A couple of months ago, I realized I hadn't painted my nails in ages. I mean, literally, years. Which maybe wouldn't be so strange if it wasn't for the fact that I really like colorful nailpolish. So why wouldn't I just paint them? It's not because I'm lazy or wouldn't take the three minutes to do it (even though that's sort of true, too). The reason is as simple as it is stupid: Since I just can't stop biting my nails, I figured I didn't deserve to paint them. Like, I've failed to achieve the neat, healthy nails I've always wished to have, so I should be punished by never ever painting them in bright colors.
...
...
...say what?

Gooosh, how I hate all these insane "rules" we make for ourselves! What on Earth did I think would happen if I did paint my short, stubby fingernails? That people would look at me and frown, point their perfectly manicured fingers and laugh condescendingly?

Sure, this whole nailpolish thing is not a big deal, not at all. But it still annoys me, because I've really tried to rid myself of all these "do's" and "don't's". So many of us put such immense pressure on ourselves and yes, a lot of it comes from our society's expectations and ideals, but we're the ones responsible for  maintaining and enforcing them. When we go long enough expecting ourselves to be perfect, after a while, we stop questioning it. It becomes second nature, a part of who we are. We stop asking ourselves: why am I doing this again? For whom? And what happens if I just... don't?

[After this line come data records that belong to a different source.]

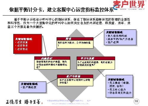 第一,是依據(jù)平衡計分卡原理,建立了客服中心運營指標(biāo)監(jiān)控體系,以實現(xiàn)呼叫中心的規(guī);(jīng)濟運營。
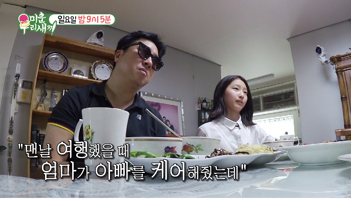 때문에 지우는 비행기에서부터 아빠를 위해 음식 위치를 알려주고 대신 스테이크를 잘라주는 등 아빠의 기내식을 챙기기도 하고, 또한 아빠를 위해 리조트의 시설과 풍경을 구체적으로 설명해주는 모습을 보여주어 보는 이들의 가슴을 훈훈하게 만들었습니다.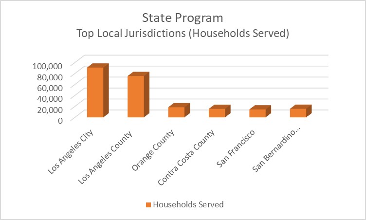 The figures below are reflective of the top local jurisdictions in the state program in terms of amount of assistance and households served.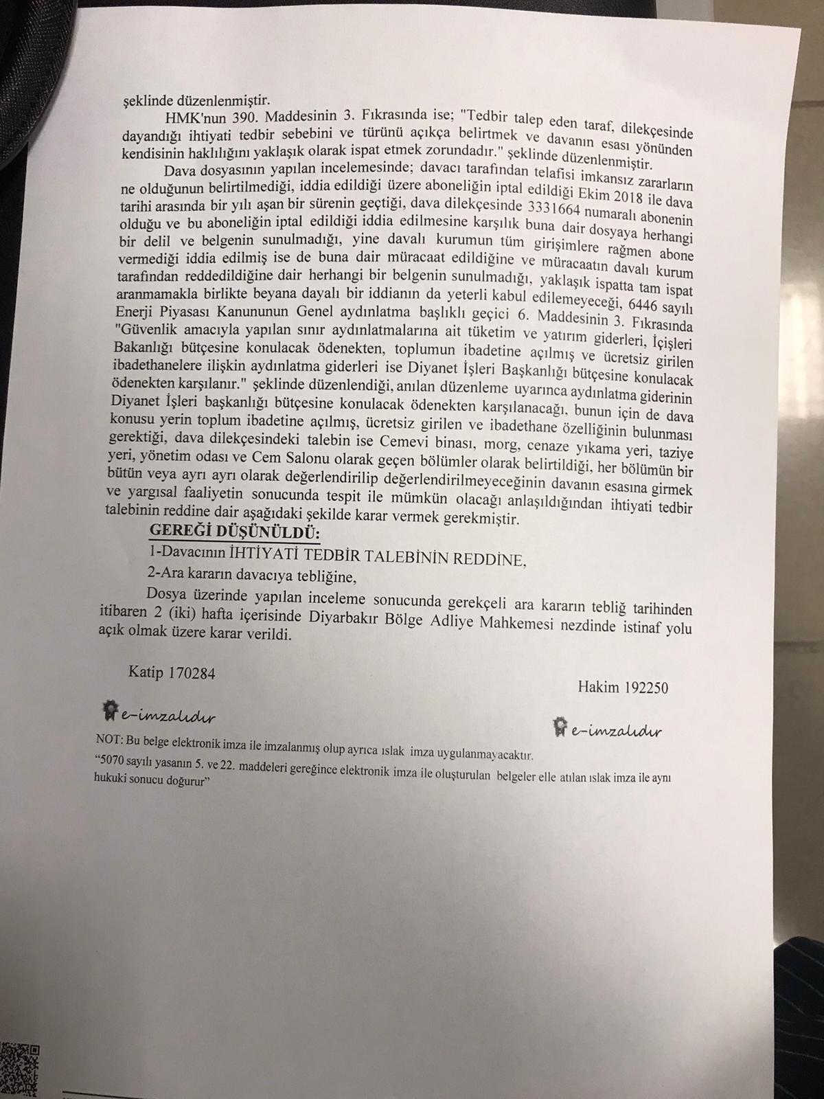 Bunun üzerine derneğin başkanı Avukat Cafer Koluman, DEDAŞ aleyhine Diyarbakır Nöbetçi Asliye Hukuk Mahkemesi’nde “İhtiyati tedbir’ talebiyle dava açtı.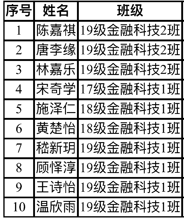 当前“男生俯卧撑、女生仰卧起坐”赛事正火热进行中,学院共计四十余名同学报名参加了院内初赛,经过线上选拔,以下十位同学将代表我们金融科技学院参加校内决赛,希望他们能在决赛中取得好成绩!
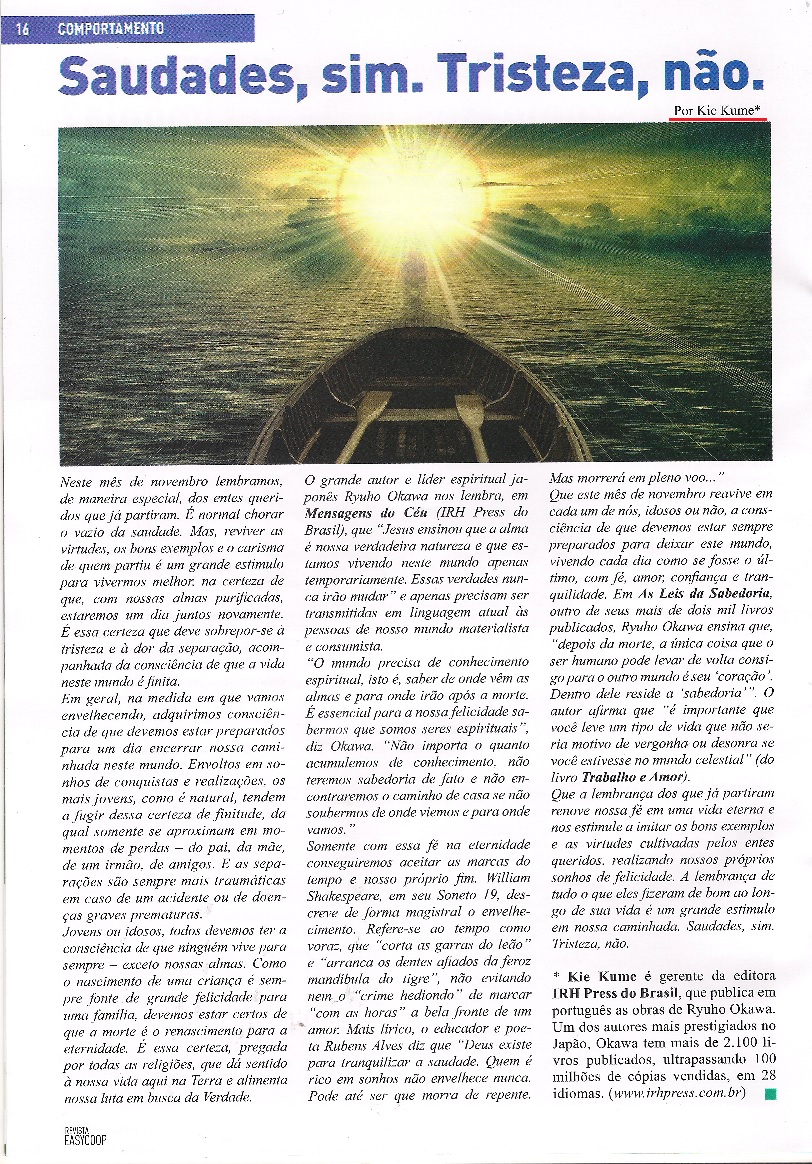 REVISTA EASYCOOP (IMPRESSO) - Saudades, sim. Tristeza, não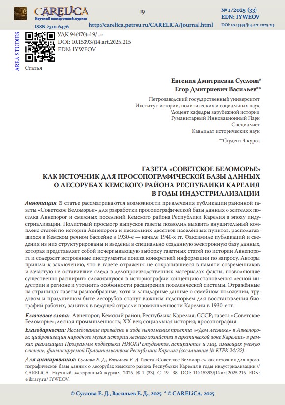 Газета «Советское Беломорье» как источник для просопографической базы данных о лесорубах Кемского района Республики Карелия в годы индустриализации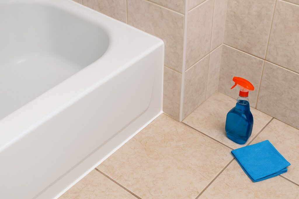 - Bathrooms: Scrub shower/tub, sinks, toilet, grout, fixtures, baseboards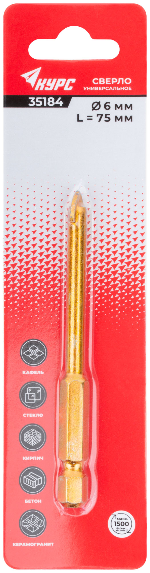 Выберите сверло КУРС 6х75 мм, артикул 35184, чтобы обеспечить себе высокое качество и универсальность на рабочем месте.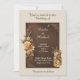 Ponha o tom para o seu dia especial com este belo convite para casamento. Projetado em tons castanhos quentes e úmidos, este convite apresenta uma estética natural e inspirada na safra perfeita para casamentos de campo, celeiro, floresta ou boho. Acentuado com delicados elementos florais, ele captura o encanto do romance do eterno. Este convite é perfeitamente personalizável com os detalhes do seu casamento. Ideal para casais que adoram elegância orgânica, de baixo para terra, esta design combina calor e sofisticação para uma primeira impressão verdadeiramente memorável. Disponível como um download digital ou opção impressa.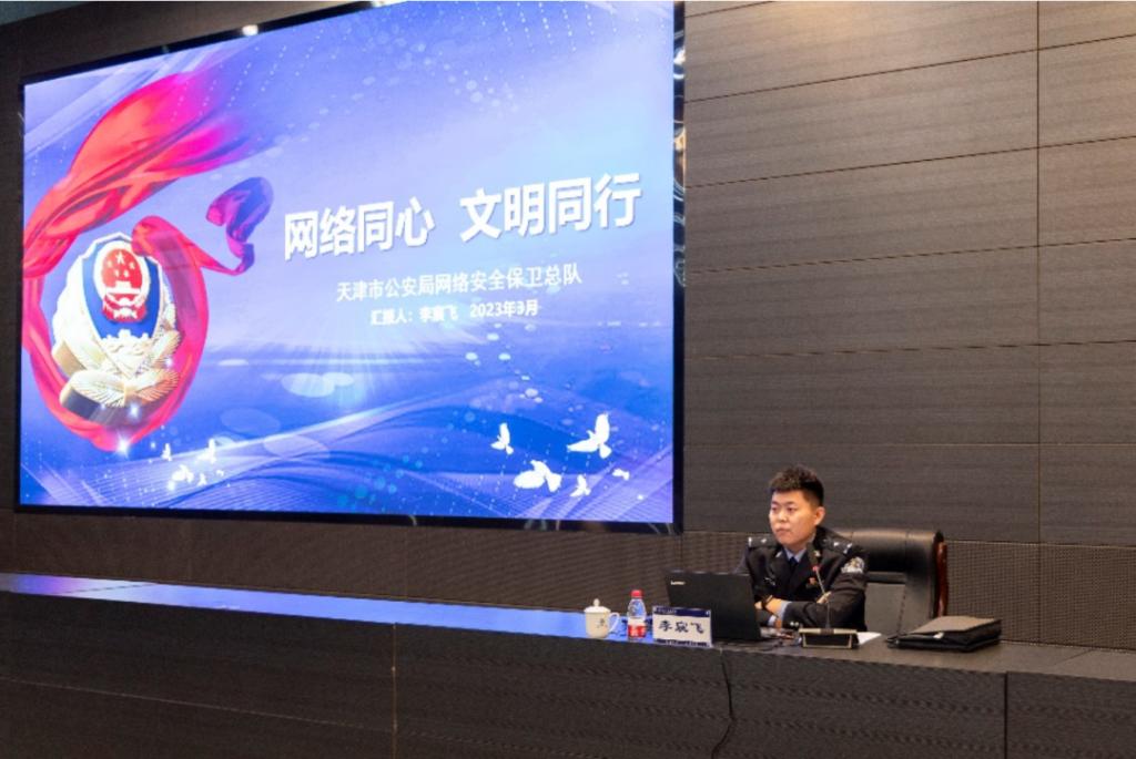 3月29日下午,天津市公安局网络安全保卫总队三支队支队长任旭,民警郭润、李宸飞受邀来校开展网络安全宣讲,为师生做题为“网络同心 文明同行”的专题报告。网络安全和信息化办公室相关负责同志及学校师生代表300余人聆听了报告。

I'm talking about all these little mantras in the back of our heads. The ones who might sound a little bit like this: "I need to be the skinniest one in my class. If people don't look at me and think oh my gosh, she's so skinny, that means I'm completely worthless. If I don't pass my driving exam on the first try, I'm a failure and everyone is going to think I'm such a loser. I can't wear the same shirt to school twice this week or everyone will think I don't have any clothes or that I'm filthy, even though I washed it in between. If he doesn't call or text me in three days, that means he hates me and thinks I'm ugly or stupid or no, wait, he's probably met someone who's gorgeous and way cooler than me and plays bass in a band or something. How am I supposed to compete with someone who plays bass guitar in a frickin band?! I need to learn how to play an instrument! Like, now! Noone commented on my last blog post, that probably means the post was totally boring and if anyone even read it there were like yeah yeah whatever who gives a crap, I should just delete the whole blog, who am I kidding, noone's even going to notice it's gone. I heard the guy I like say to his friends that he thinks Megan Fox is hot, oh great, now I'm supposed to look like Megan Fox, I have to google her and see if maybe I could do my hair like hers or something. I wonder if Megan Fix plays bass guitar? I'm sure she does. The bitch. Oh crap, she always wears heels and I'm too tall to wear heels like that, too pale to wear lipstick, too flat to wear tube tops too fat to wear skinny jeans too this too that too aaaaaaah!"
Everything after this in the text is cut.